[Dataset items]
========================================
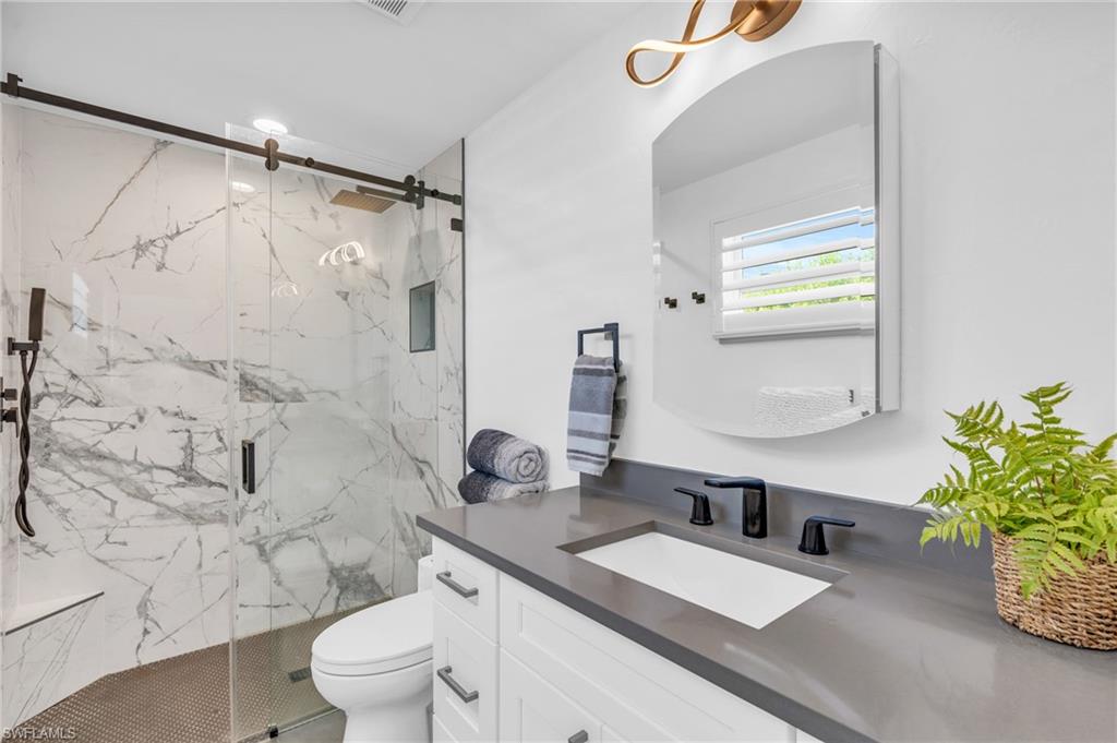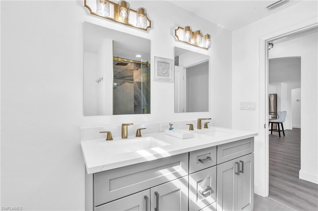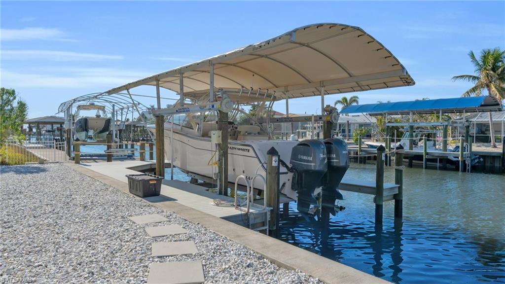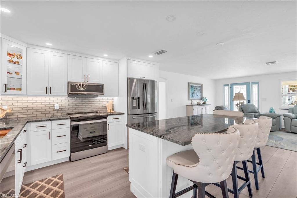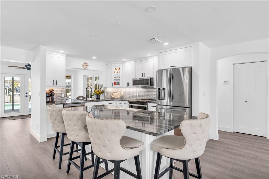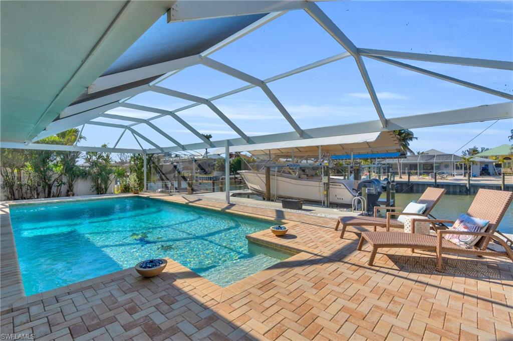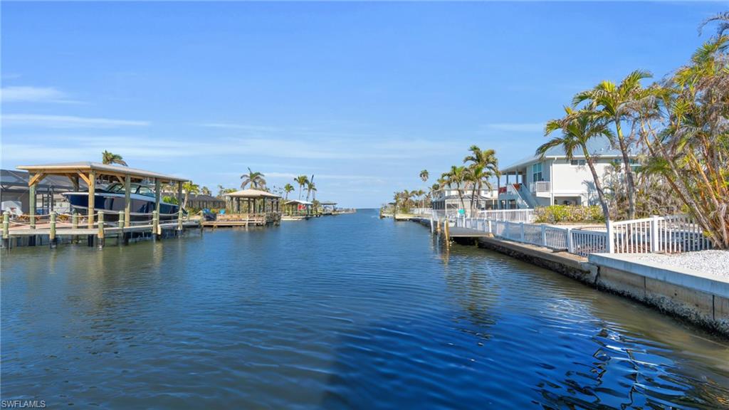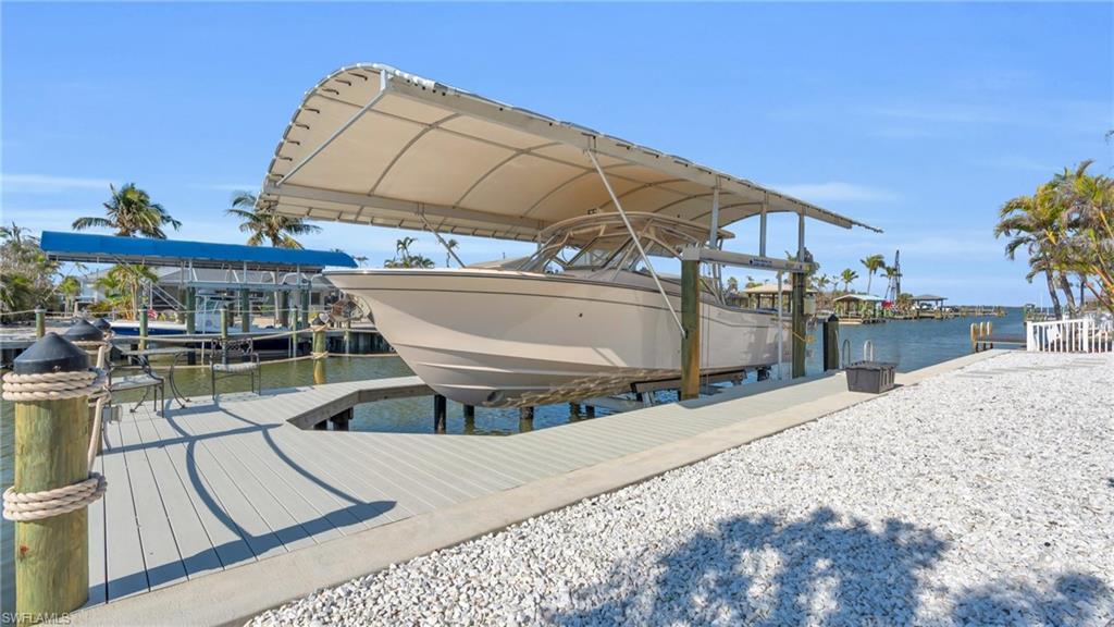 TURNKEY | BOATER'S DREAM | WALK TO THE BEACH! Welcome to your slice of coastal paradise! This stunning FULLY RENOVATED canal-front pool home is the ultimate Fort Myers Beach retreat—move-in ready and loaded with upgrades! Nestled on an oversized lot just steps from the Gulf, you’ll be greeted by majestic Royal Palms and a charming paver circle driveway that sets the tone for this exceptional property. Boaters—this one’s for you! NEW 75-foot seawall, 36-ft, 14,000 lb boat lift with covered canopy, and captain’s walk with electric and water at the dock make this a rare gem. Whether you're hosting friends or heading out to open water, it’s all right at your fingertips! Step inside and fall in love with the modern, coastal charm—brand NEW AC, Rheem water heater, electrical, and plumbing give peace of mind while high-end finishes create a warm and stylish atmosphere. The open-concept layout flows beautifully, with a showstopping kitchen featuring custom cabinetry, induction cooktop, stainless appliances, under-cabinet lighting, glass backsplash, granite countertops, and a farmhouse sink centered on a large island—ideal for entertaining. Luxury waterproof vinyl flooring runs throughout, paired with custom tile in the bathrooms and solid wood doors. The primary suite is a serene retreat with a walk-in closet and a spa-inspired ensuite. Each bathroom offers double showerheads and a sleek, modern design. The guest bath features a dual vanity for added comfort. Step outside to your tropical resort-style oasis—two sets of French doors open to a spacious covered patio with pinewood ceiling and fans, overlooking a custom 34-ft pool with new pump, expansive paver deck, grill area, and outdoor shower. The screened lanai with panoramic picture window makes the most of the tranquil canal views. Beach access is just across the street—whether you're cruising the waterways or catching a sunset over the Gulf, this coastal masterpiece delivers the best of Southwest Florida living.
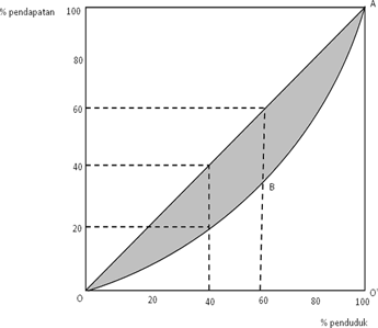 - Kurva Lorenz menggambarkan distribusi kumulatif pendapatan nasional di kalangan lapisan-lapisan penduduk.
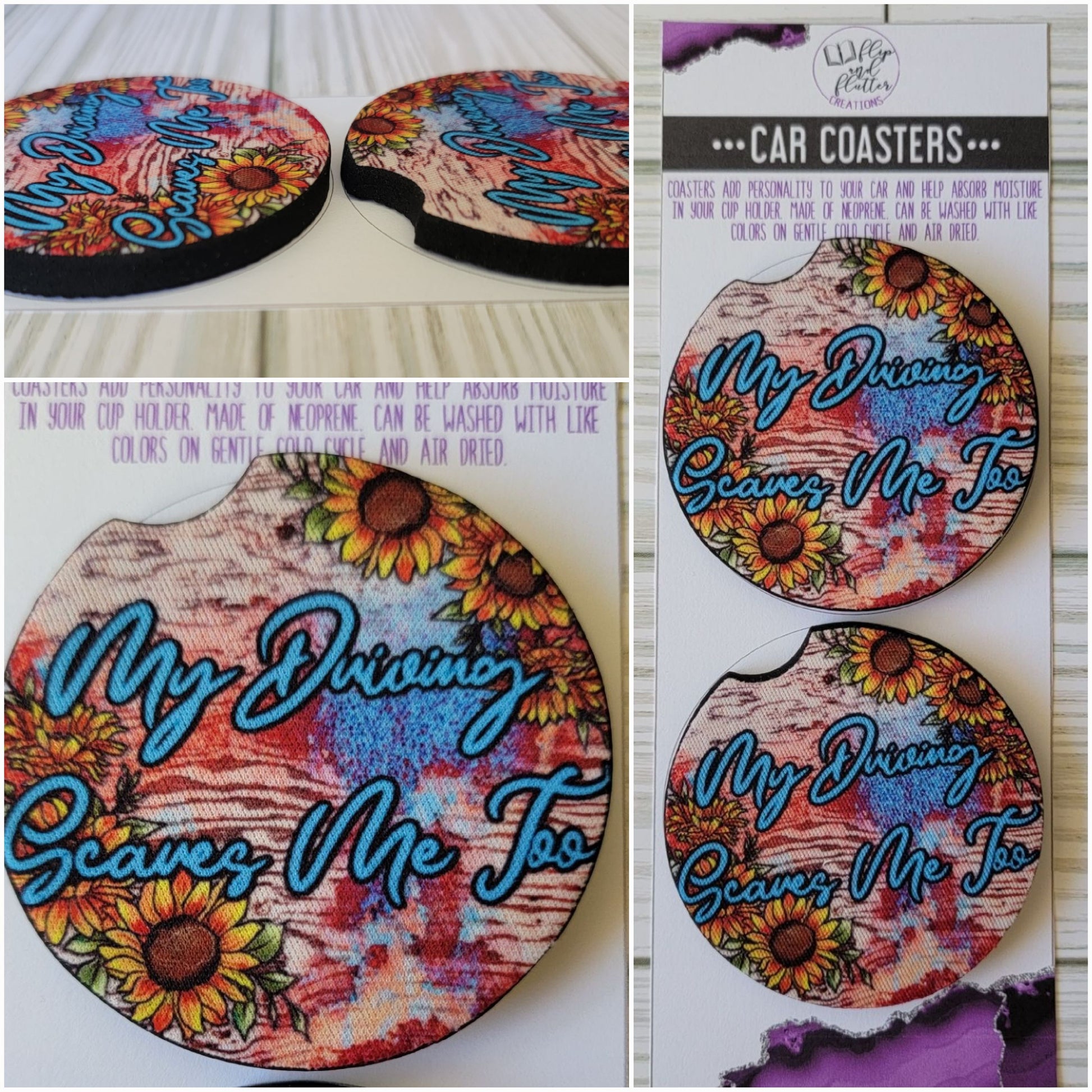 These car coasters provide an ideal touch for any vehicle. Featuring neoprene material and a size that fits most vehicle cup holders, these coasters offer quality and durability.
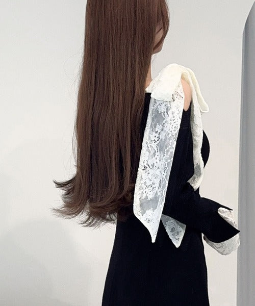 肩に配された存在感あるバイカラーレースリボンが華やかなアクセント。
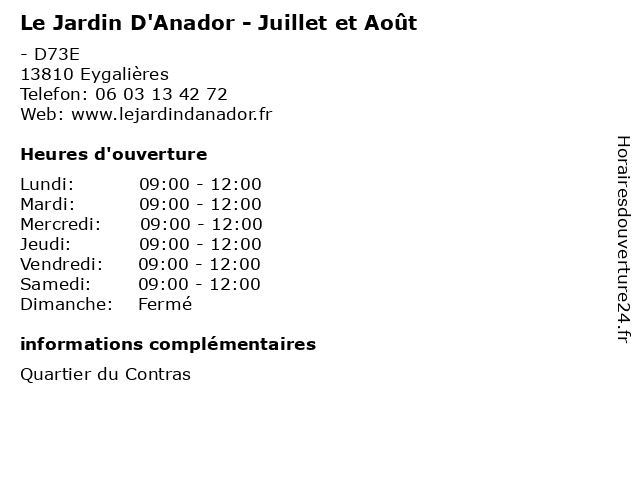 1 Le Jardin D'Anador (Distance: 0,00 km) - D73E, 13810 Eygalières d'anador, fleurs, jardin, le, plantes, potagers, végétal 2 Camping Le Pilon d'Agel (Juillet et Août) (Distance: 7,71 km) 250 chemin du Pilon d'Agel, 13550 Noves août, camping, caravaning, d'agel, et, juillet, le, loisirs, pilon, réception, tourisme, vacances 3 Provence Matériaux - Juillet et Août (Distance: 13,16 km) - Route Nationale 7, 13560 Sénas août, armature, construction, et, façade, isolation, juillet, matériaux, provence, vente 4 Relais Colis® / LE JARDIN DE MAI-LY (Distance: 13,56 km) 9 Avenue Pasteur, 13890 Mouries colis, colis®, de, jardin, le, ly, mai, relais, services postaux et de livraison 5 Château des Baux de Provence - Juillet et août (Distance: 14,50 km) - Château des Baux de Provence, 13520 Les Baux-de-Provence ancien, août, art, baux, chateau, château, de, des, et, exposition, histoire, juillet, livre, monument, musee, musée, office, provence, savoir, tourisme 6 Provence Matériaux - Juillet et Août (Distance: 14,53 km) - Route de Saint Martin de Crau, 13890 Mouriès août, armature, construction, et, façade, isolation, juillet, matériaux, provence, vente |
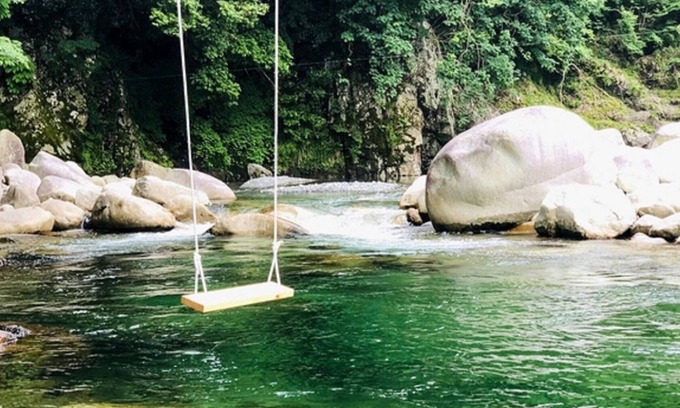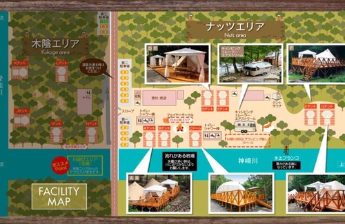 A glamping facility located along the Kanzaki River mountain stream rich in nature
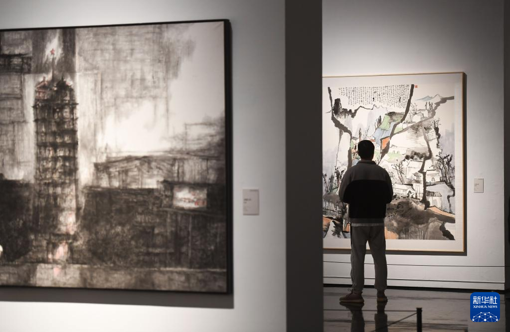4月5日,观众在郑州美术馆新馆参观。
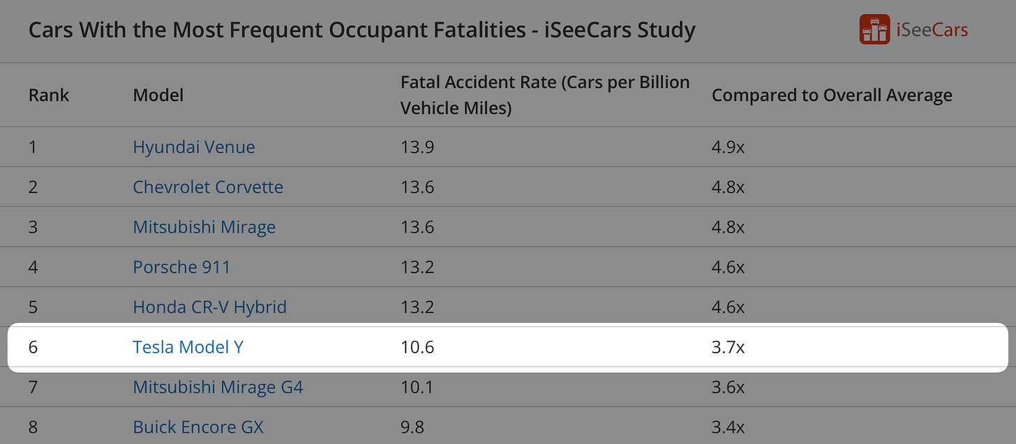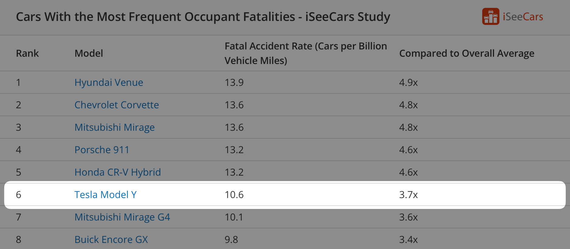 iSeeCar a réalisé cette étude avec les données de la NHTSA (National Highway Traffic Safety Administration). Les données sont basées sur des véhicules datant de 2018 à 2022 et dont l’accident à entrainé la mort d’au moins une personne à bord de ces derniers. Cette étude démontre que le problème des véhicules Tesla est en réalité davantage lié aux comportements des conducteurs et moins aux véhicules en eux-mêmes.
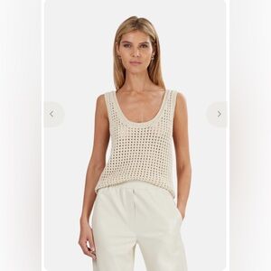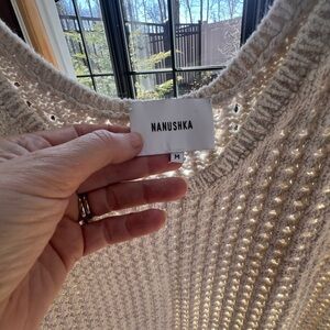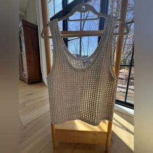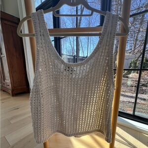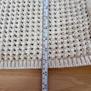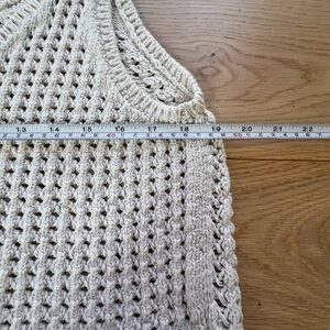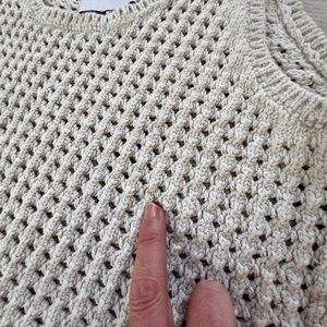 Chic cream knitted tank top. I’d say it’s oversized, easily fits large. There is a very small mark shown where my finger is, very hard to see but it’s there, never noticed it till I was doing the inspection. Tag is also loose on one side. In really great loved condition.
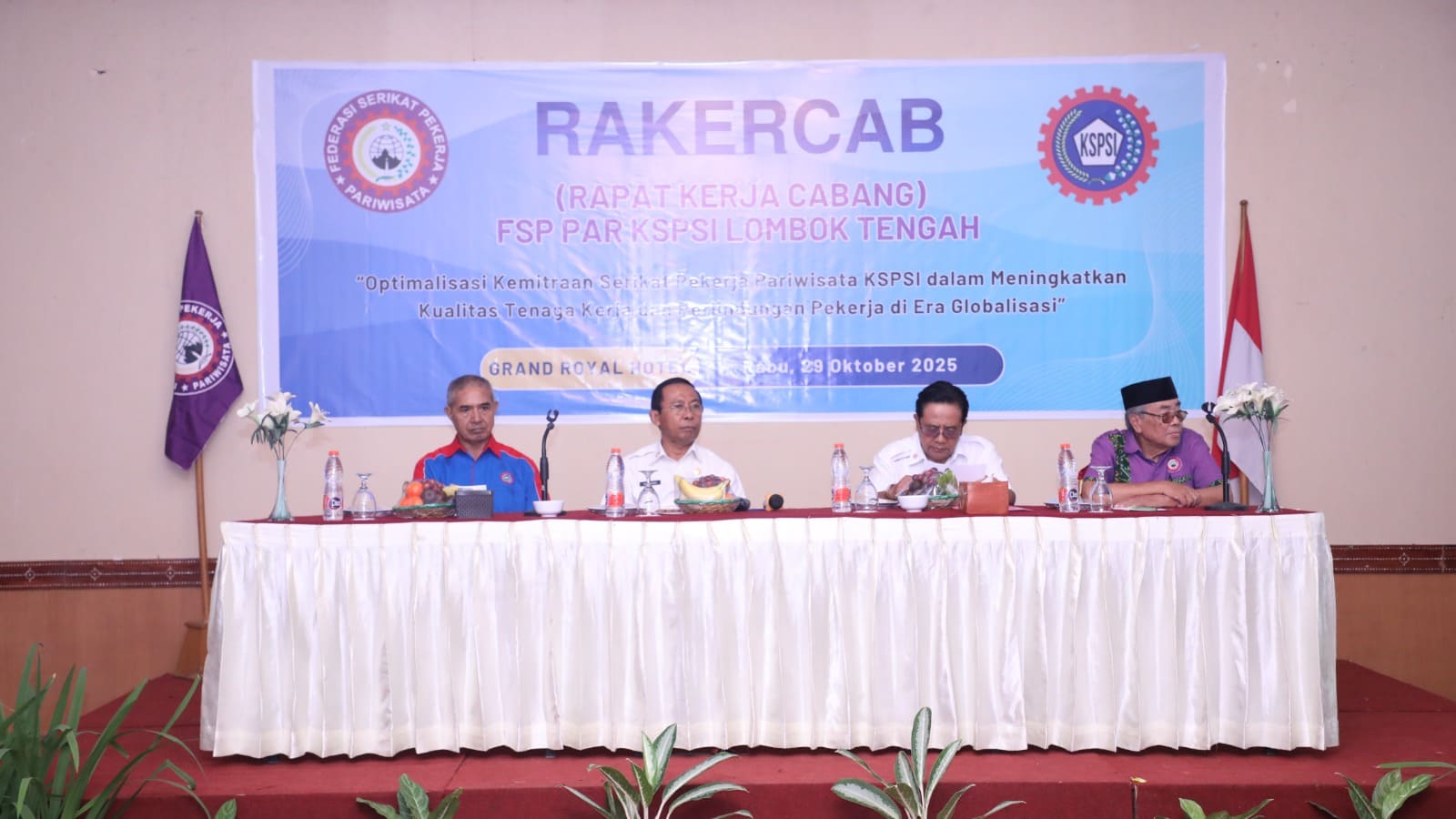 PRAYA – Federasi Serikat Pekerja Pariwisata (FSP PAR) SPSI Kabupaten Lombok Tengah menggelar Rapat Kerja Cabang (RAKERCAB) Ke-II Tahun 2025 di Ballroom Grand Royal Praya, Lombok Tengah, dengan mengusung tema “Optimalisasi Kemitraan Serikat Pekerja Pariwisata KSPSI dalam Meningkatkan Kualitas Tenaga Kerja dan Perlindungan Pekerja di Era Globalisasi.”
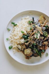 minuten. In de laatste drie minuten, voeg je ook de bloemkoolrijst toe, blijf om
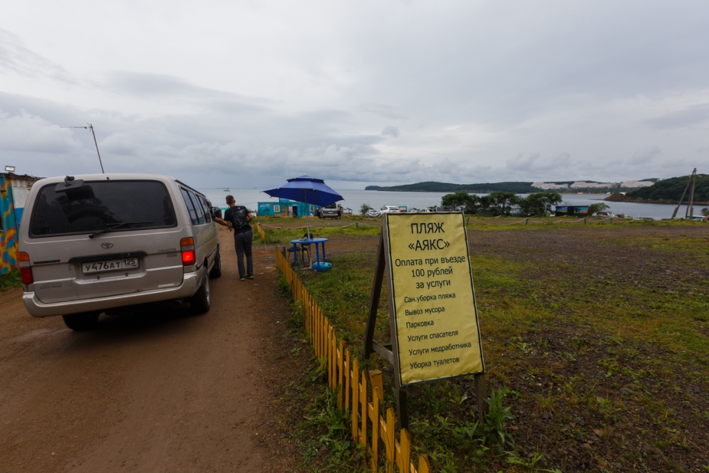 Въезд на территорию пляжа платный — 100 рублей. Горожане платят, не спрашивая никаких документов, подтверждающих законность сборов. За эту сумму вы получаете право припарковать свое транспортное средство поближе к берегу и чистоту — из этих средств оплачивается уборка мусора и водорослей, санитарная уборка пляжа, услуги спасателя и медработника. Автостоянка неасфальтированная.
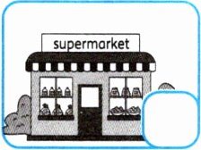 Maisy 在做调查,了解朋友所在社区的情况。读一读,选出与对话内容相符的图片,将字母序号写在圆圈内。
========================================
PROMPT:
Working from the entries above, reproduce exactly and only the lines beginning with the line that has "A glamping facility" and ending with the line that has "4月5日,观众在郑州美术馆新馆参观。"; omit all pictures.

FINISHED TASK:
 A glamping facility located along the Kanzaki River mountain stream rich in nature
4月5日,观众在郑州美术馆新馆参观。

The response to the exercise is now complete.